No fue algo planeado. De hecho, la idea había comenzado como una simple fantasía que mencioné entre risas en una conversación de confianza. Pero las palabras tienen poder, y los deseos, cuando se nombran en voz alta, a veces encuentran la forma de hacerse reales.
Todo comenzó con una invitación secreta, enviada a través de una red discreta. No había detalles específicos, solo una dirección, una hora, y una advertencia seductora: “Prepárate para ser adorada.” Mi corazón latía con una mezcla de curiosidad y adrenalina.
El lugar era un antiguo teatro restaurado. Luces bajas, cortinas pesadas, y un ambiente cargado de electricidad. Al entrar, sentí todas las miradas clavarse en mí. Era la única mujer. Ellos me esperaban. Cincuenta hombres, distintos entre sí, pero todos con algo en común: una devoción palpable, una energía contenida, como si fueran músicos esperando la señal para empezar la sinfonía.
Yo era la musa.
No llevaba más que una bata de seda negra que caía ligera sobre mi piel desnuda. Caminé hasta el centro del escenario improvisado, donde una alfombra de terciopelo rojo me recibió como un trono extendido. Un silencio absoluto envolvía la sala, hasta que me senté, crucé las piernas y dije: “Estoy lista.”
Lo que siguió no fue solo sexo. Fue una coreografía de deseo, una danza humana, una entrega absoluta a una experiencia que iba más allá del cuerpo. Ellos se turnaban, se cuidaban de no invadirme todos a la vez. Algunos me tocaban apenas con los dedos, como si rozaran una obra de arte. Otros me miraban como si su gozo estuviera solo en observar.
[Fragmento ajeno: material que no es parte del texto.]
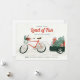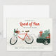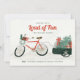 This illustrated holiday greeting card features a hand drawn image of a cheerful, red bicycle carrying a load of holiday treats, gifts, and decorations.
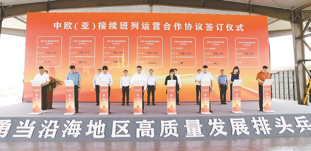 “中欧(亚)班列‘盐城号’首发开通!”6月16日上午9时18分,随着一声鸣笛,中欧(亚)接续班列“盐城号”正式开行,盐城至欧(亚)国家国际货运铁路“大动脉”正全面打通,货物能以更为便捷的运销方式直通欧洲市场。
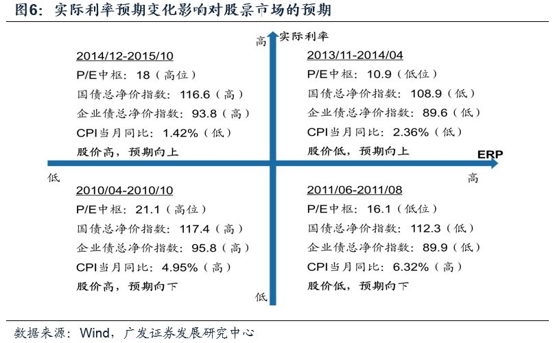 此外,股票的上涨和下跌与未来预期的相关性强于当前所处的绝对位置,在经济预期产生变化时,利率水平和通胀预期也会产生实际利率的预期变化,可作为未来变动方向的参考。
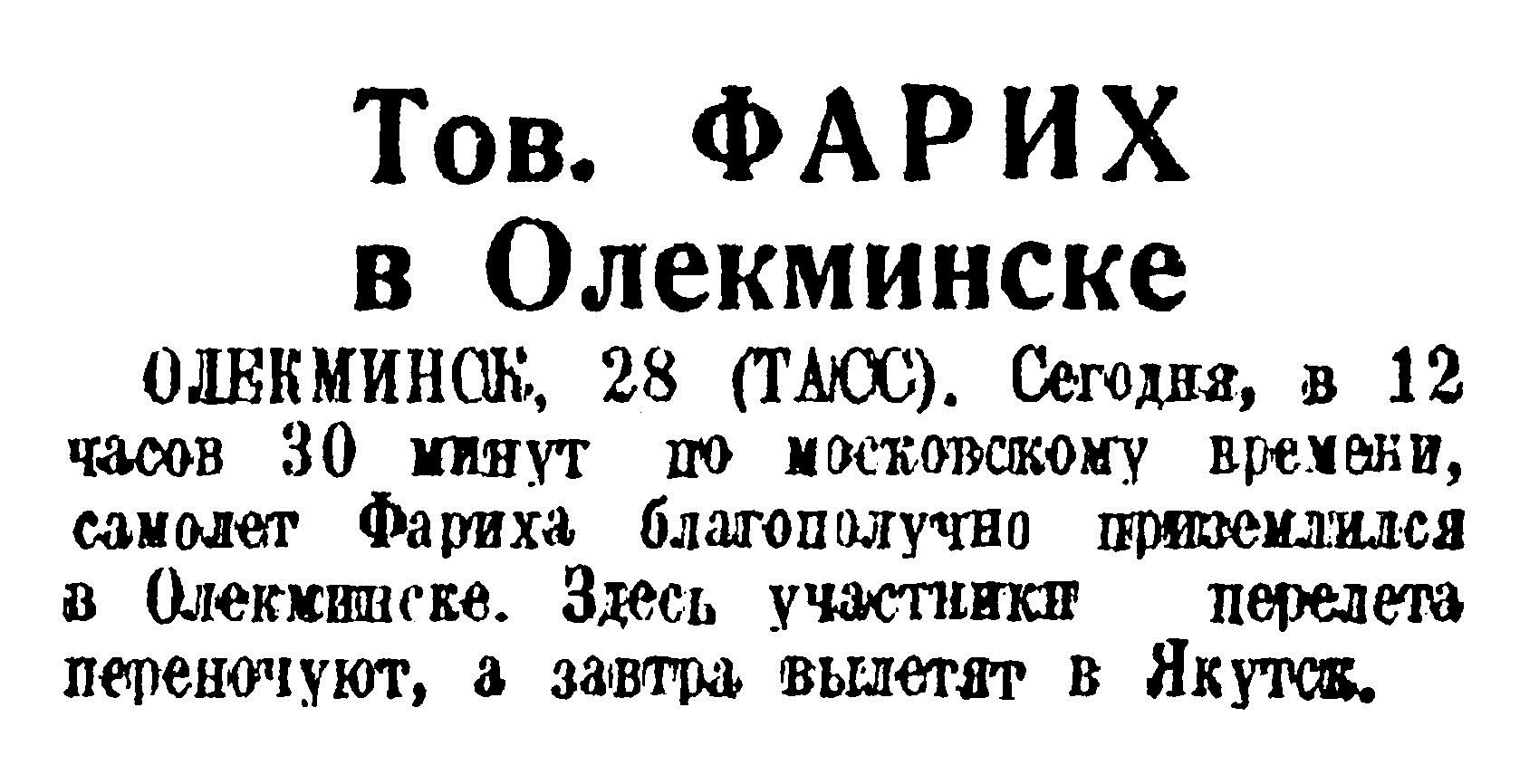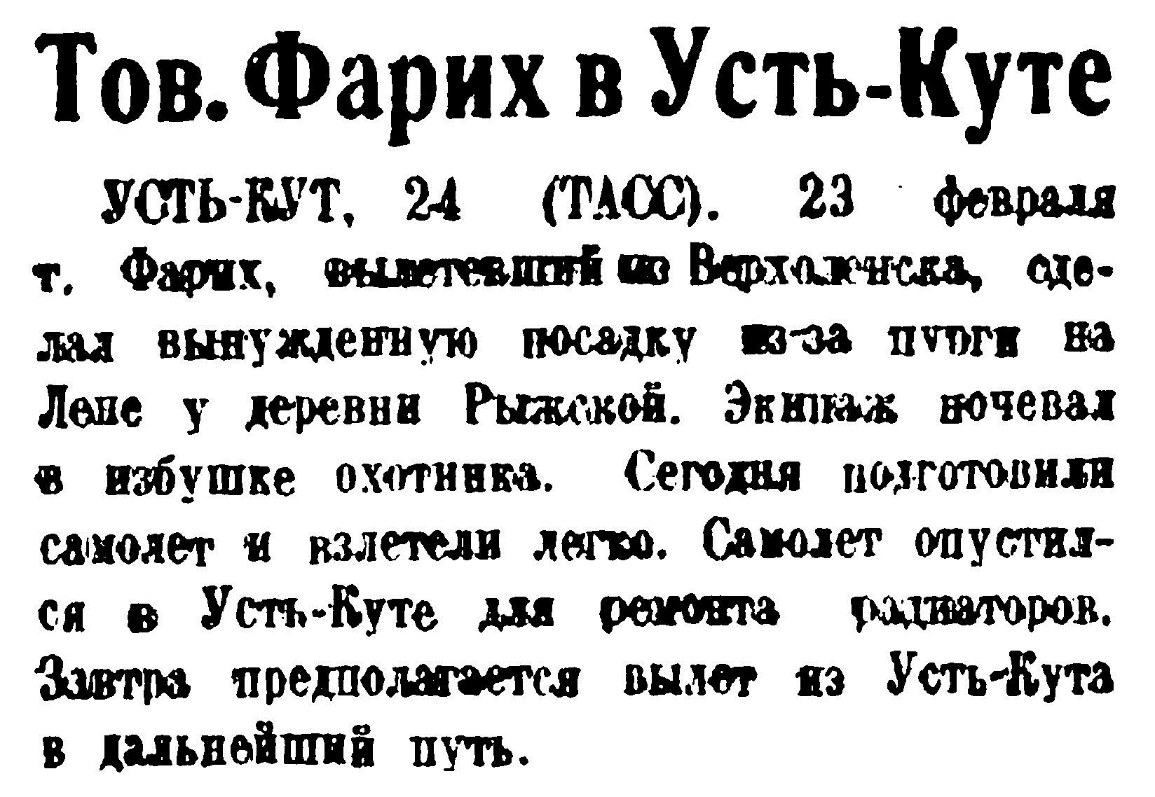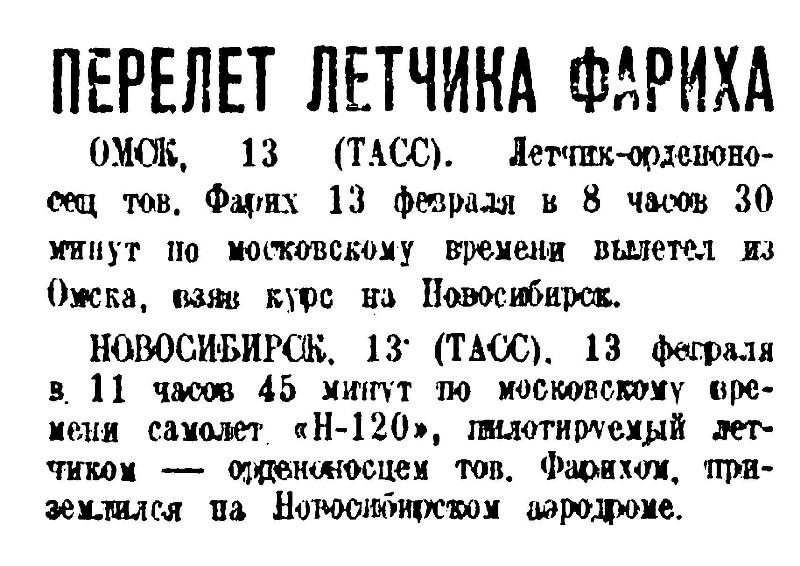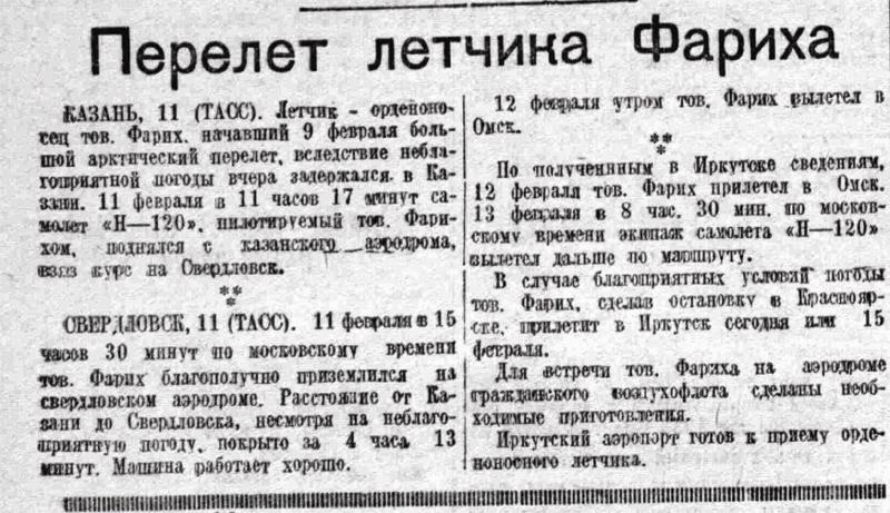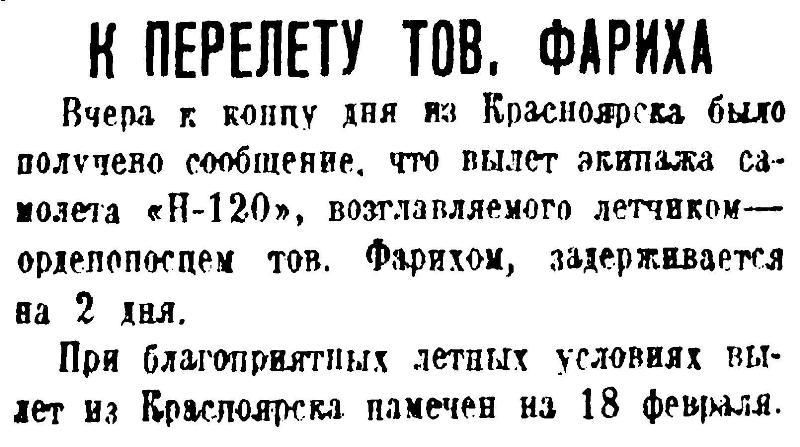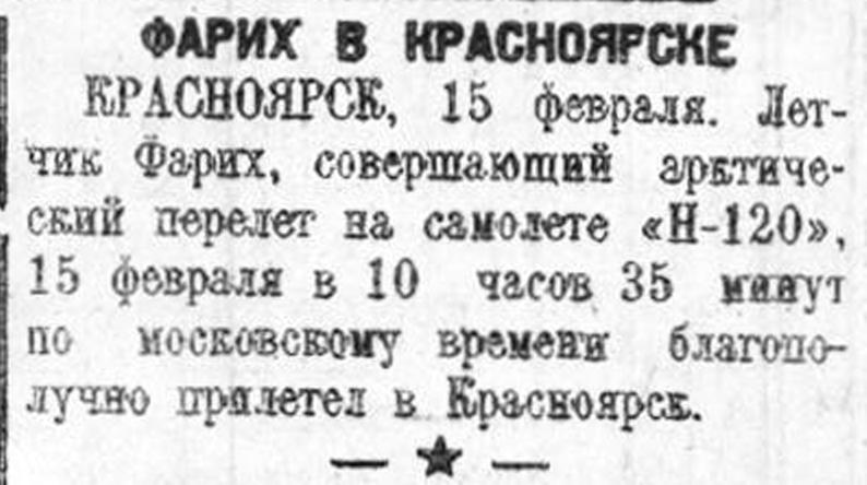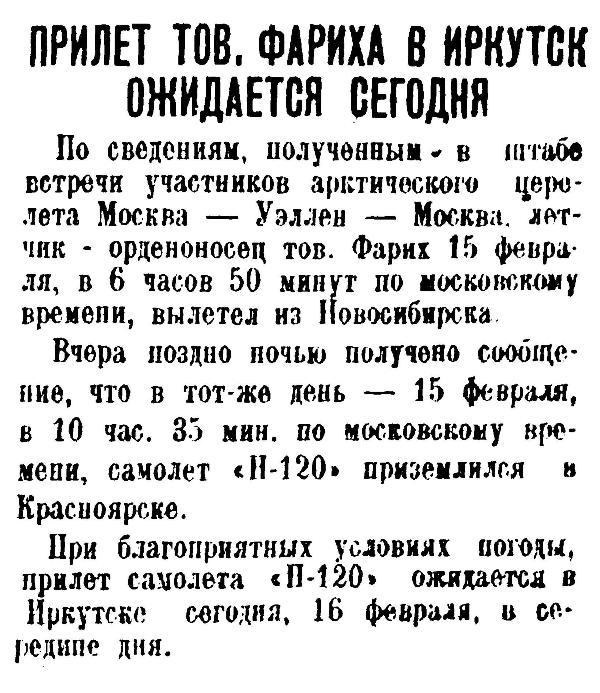 Перелет начался 9 февраля, когда самолет оставил красную столицу СССР — Москву. В пути были сделаны остановки в Казани, Свердловске, Омске, Новосибирске в Красноярске. Вчера, в 6 час. по московскому времени тов. Фарих вылетел из Красноярска на Иркутск.

Había ternura. Había fuerza. Había risas ahogadas, suspiros que se confundían con gemidos bajos. Cada gesto estaba medido no con prisa, sino con una atención casi devocional. Yo era el centro, sí, pero no por vanidad: era porque todos habían aceptado el juego. Me entregué con la certeza de que cada uno había ido allí a dar, más que a tomar.
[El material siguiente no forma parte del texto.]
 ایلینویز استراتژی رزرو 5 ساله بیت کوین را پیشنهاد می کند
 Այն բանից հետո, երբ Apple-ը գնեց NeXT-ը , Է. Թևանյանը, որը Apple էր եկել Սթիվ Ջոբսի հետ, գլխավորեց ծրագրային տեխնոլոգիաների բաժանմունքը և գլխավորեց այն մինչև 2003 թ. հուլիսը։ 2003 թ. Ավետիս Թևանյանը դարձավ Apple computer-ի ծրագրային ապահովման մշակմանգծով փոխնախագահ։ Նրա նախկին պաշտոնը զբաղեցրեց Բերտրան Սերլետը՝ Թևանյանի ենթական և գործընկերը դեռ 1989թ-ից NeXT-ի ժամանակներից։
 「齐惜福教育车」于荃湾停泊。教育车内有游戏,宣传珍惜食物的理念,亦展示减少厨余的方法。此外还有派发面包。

El tiempo se diluyó. No sabía si habían pasado dos horas o cinco. Me sentía como flotando entre brazos, caricias, respiraciones coordinadas como olas que van y vienen. A veces cerraba los ojos y me dejaba llevar, otras los abría para encontrar una nueva mirada, un nuevo rostro iluminado por el deseo compartido.
Cuando finalmente el último cuerpo se separó del mío, me tumbé sobre la alfombra, exhalando una sonrisa que venía del alma. Me cubrieron con la bata nuevamente, como quien envuelve un secreto sagrado. Nadie habló demasiado. Solo se sentía una paz extraña, una satisfacción compartida.
Esa noche no solo tuve sexo con cincuenta hombres. Tuve una experiencia transformadora. Me sentí libre, poderosa, respetada y deseada sin juicio.
Y aunque algunos podrían no entenderlo, para mí fue una faena… sagrada. Una celebración del cuerpo, del placer y de la conexión humana más primitiva y hermosa.